- [DIRECTIONS] Write out nothing but the lines from the first line of the entries below through the line with "적지 않은 금리에 안정성까지"; no pictures go in.

[Data extracted from a collection]

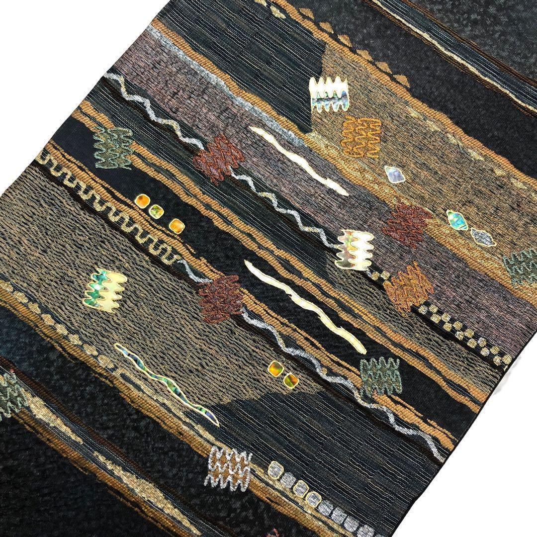 落ち着きのある鋼色のお色に螺鈿を使った横段抽象織模様がデザインされた素敵な柄行のお品でございます。
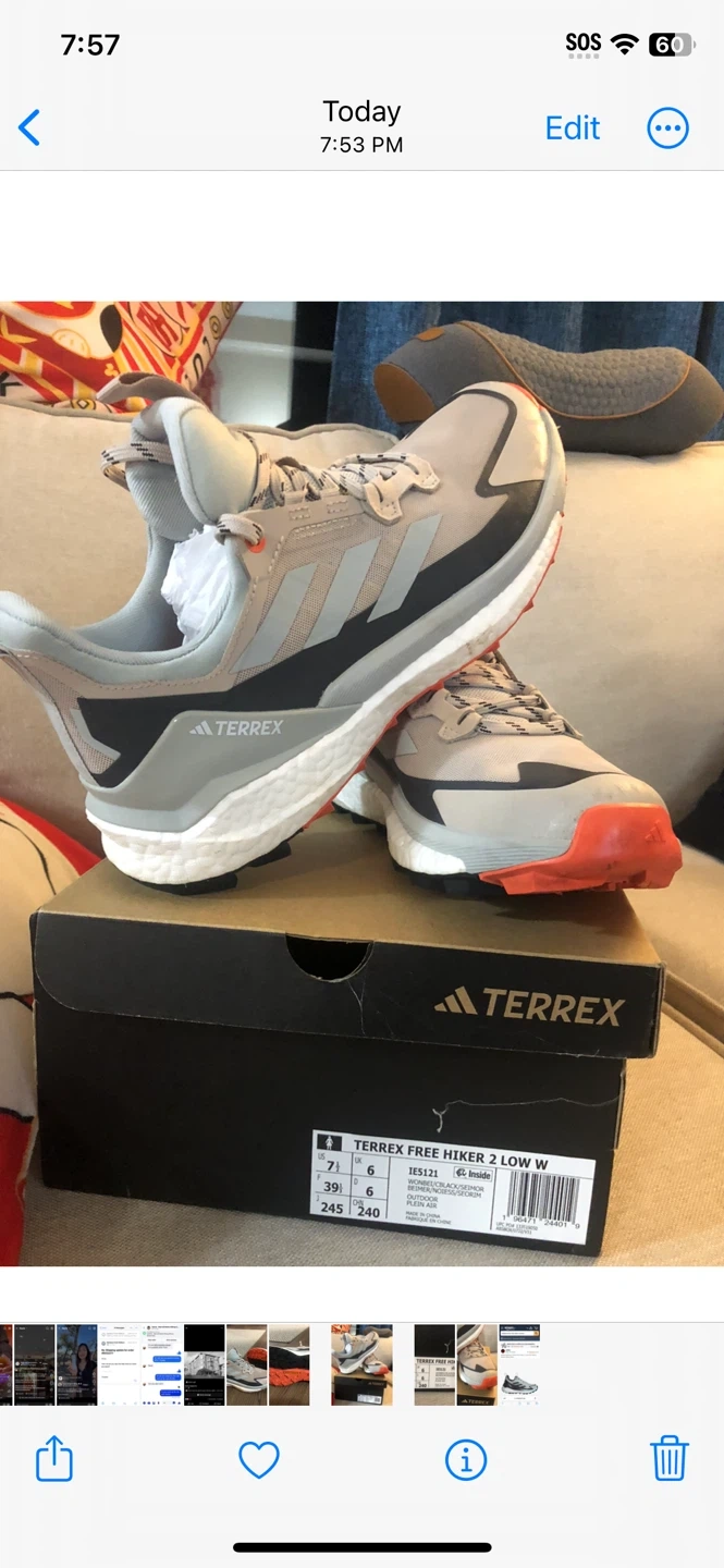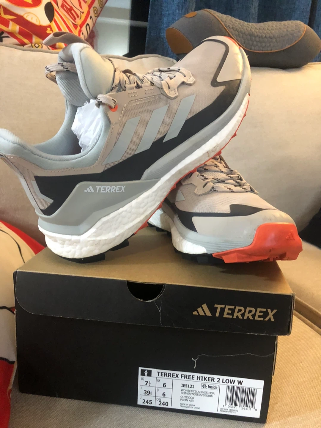 Adidas Terrex Free Hiker 2 Low W hiking shoes in beige and black. Women's US size 7.5, UK 6, EU 39.5. Includes original box.like new used once hiking a little big , only a few small scratches in front , paid over $150 sell for $70 firm thanks.
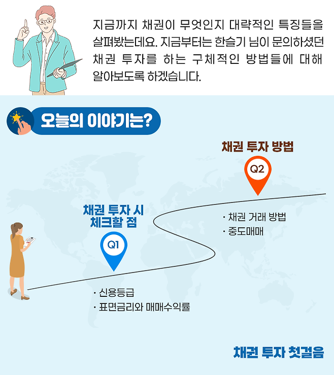 적지 않은 금리에 안정성까지 큰 채권은 그동안 자산가나 전문 투자자들의 전유물로 생각되었고, 개인 투자자들에게는 낯설고 어렵게 느껴지기도 했습니다.
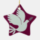 Paz Personalizada no Ornamento de Férias da Terra Este adorável ornamento de feriado tem a forma de uma estrela e apresenta uma simples ilustração de uma pomba de paz segurando um galho de azeitona no seu bico. A parte de trás deste Enfeites de natal temático da paz lê "Paz na Terra" e está pronta para personalizar com o ano de feriado atual, e uma mensagem da sua família. Este ornamento é excelente para doação de presente, como um gagueiro de estoque, ou como uma guarnição de férias que sua família vai tesourar em anos para vir quando você decorar sua árvore de Natal. Cada ornamento de feriado da Peace Dove está pronto para personalizar e enforcar. A frente também pode ser personalizada com seu próprio texto, e a cor de fundo pode ser alterada. Basta selecionar o botão "personalizar".
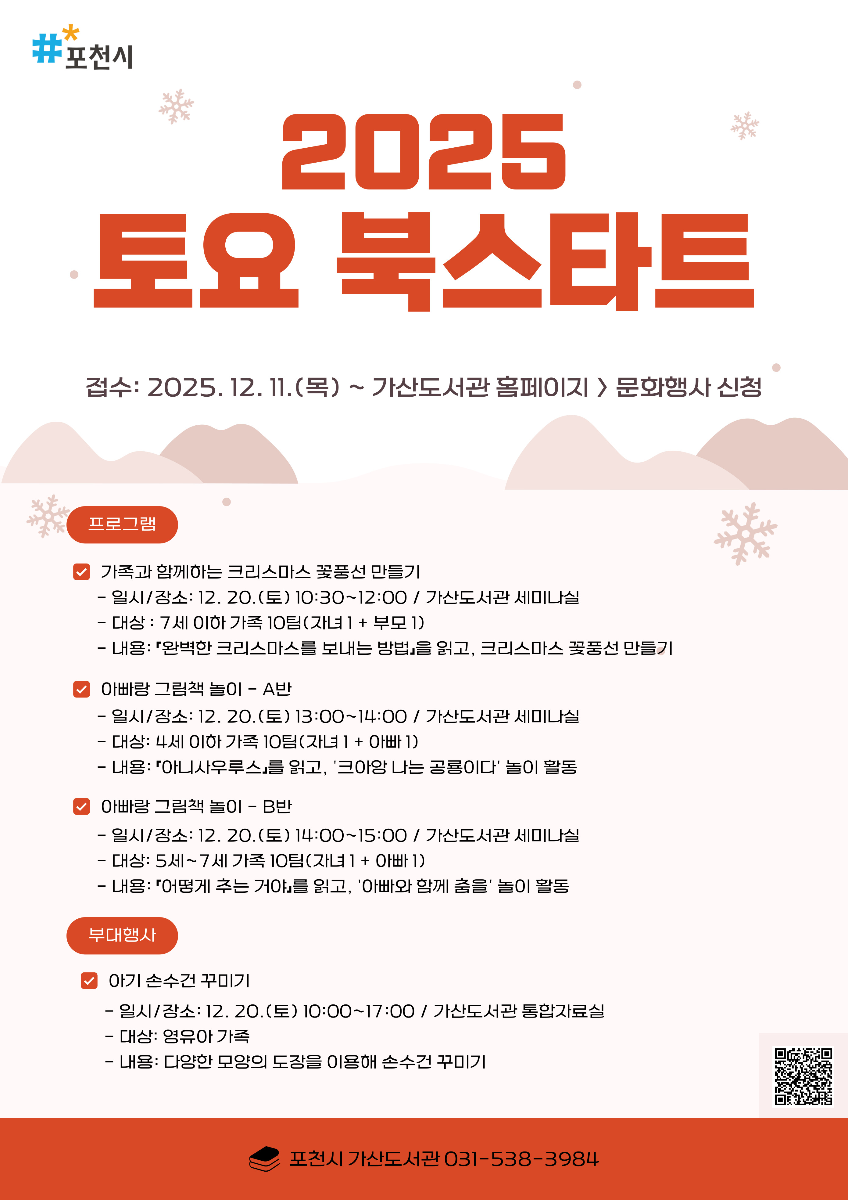 ![]() (#*포천시) 2025 토요 북스타트 ✔️접수: 2025. 12. 11.(목) ~ 가산도서관 홈페이지 > 문화행사 신청 <프로그램> ✔️가족과 함께하는 크리스마스 꽃풍선 만들기 - 일시/장소: 12. 20.(토) 10:30~12:00 / 가산도서관 세미나실 - 대상: 7세 이하 가족 10팀(자녀 1 + 부모 1) - 내용: 「완벽한 크리스마스를 보내는 방법」을 읽고, 크리스마스 꽃풍선 만들기 ✔️ 아빠랑 그림책 놀이 - A반 - 일시/장소: 2025. 12. 20.(토) 13:00 ~ 14:00 / 가산도서관 세미나실 - 대상: 4세 이하 가족 10팀(자녀1 + 아빠1) - 내용: 「아니사우루스」를 읽고, '크아앙 나는 공룡이다' 놀이 활동 ✔️ 아빠랑 그림책 놀이 - B반 - 일시/장소: 2025. 12. 20.(토) 14:00 ~ 15:00 / 가산도서관 세미나실 - 대상: 5세~7세 가족 10팀(자녀1 + 아빠1) - 내용: 「어떻게 추는 거야」를 읽고, '아빠와 함께 춤을' 놀이 활동 <부대행사> ✔️ 아기 손수건 꾸미기 - 일시/장소: 2025. 12. 20.(토) 10:00 ~ 17:00 / 가산도서관 통합자료실(당일 참여) - 대상: 영유아 가족 - 내용: 다양한 모양의 도장을 이용해 손수건 꾸미기 포천시 가산도서관 031-538-3984 |
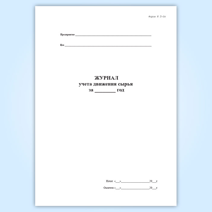 Журнал учета движения сырья (форма № П-3п) в Тюмени купить

- [RESULT FOR THIS EXERCISE]
 落ち着きのある鋼色のお色に螺鈿を使った横段抽象織模様がデザインされた素敵な柄行のお品でございます。
 Adidas Terrex Free Hiker 2 Low W hiking shoes in beige and black. Women's US size 7.5, UK 6, EU 39.5. Includes original box.like new used once hiking a little big , only a few small scratches in front , paid over $150 sell for $70 firm thanks.
 적지 않은 금리에 안정성까지 큰 채권은 그동안 자산가나 전문 투자자들의 전유물로 생각되었고, 개인 투자자들에게는 낯설고 어렵게 느껴지기도 했습니다.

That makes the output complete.